Nokia earnings fall less than expected

Nokia's earnings fell less than expected in the first quarter and the company signed a final agreement to start using Microsoft…

Nokia's earnings fell less than expected in the first quarter and the company signed a final agreement to start using Microsoft software, sending its shares 3 per cent higher.

Underlying earnings per share fell to 13 cent in the three months through March from 14 cent a year earlier, beating analysts' average forecast for 10 cent.

Nokia's market share fell to 29 per cent from 33 per cent as nimbler Asian rivals ate into its dominant position in cheaper phones and it continued to lose out in more expensive smartphones to Apple and others.

To turn around its smartphone fortunes, Nokia's new chief executive Stephen Elop in February unveiled a deal to start using Microsoft software instead of its own Symbian platform.

Nokia said the deal enables it to cut annual costs by around €1 billion.

"Finalisation of the agreement with Microsoft means Nokia can now focus on execution, but margin guidance underlines that difficult times lie ahead as it transitions the portfolio," said analyst Geoff Blaber from CCS Insight.

Nokia's key phone unit reported an operating profit margin of 9.8 per cent for January-March, well ahead of analysts forecast of 8.6 percent, but said for the full year the margin would fall to within a 6 to 9 per cent range.

Overnight Apple smashed Wall Street expectations and reported record quarterly iPhone sales, narrowing the gap to Nokia's smartphone volumes.

Qualcomm, the top wireless chip maker, also reported results that beat expectations and raised its outlook overnight, quelling fears of phone market slowdown.
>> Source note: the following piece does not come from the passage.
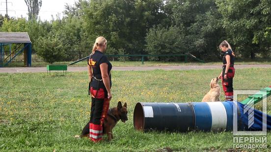 Также в масштабах соревнований прошли и показательные выступления по работе со снарядами. Их продемонстрировали кинологи-участники Криворожского отряда союза самаритян-кинологов Украины. На сегодня в нашем городе только два кинологических расчёта имеют подготовку к аттестации по международному стандарту ASB и допуск к работе в чрезвычайных ситуациях, а также в кинологических поисках пропавших.
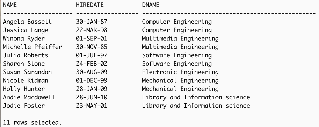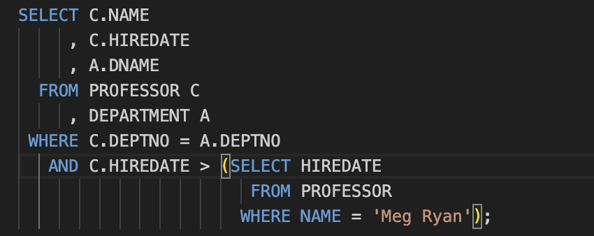 단일행 Sub Query일 경우 WHERE 절에서 사용되는 연산자Student 테이블과 department 테이블을 사용하여 'Anthony Hopkins'학생과 1전공(depno1)이 동일한 학생들의 이름과 1전공 이름을 출력한다.professor 테이블과 department 테이블을 조회하여 'Meg Ryan'교수보다 나중에 입사한 사람의 이름과 입사일, 학과명을 출력한다.

"We expect Qualcomm ... to alter the entire handset sector sentiment after a spike in negativity in recent weeks," said analyst Tero Kuittinen from MKM Partners.

Analysts say that, despite its bigger bargaining power, Nokia is likely to be among the phone makers worst hit by the disruption to supplies from last month's devastating Japanese earthquake.

It makes 450 million phones a year, which means quick and big changes in component supply are difficult.

Nokia warned in March it would have shortages of some of its phones, but said the impact on earnings would be limited.

Nokia's smaller rival Sony Ericsson said this week there were shortages of displays, batteries, camera modules and some printed circuit boards due to the quake.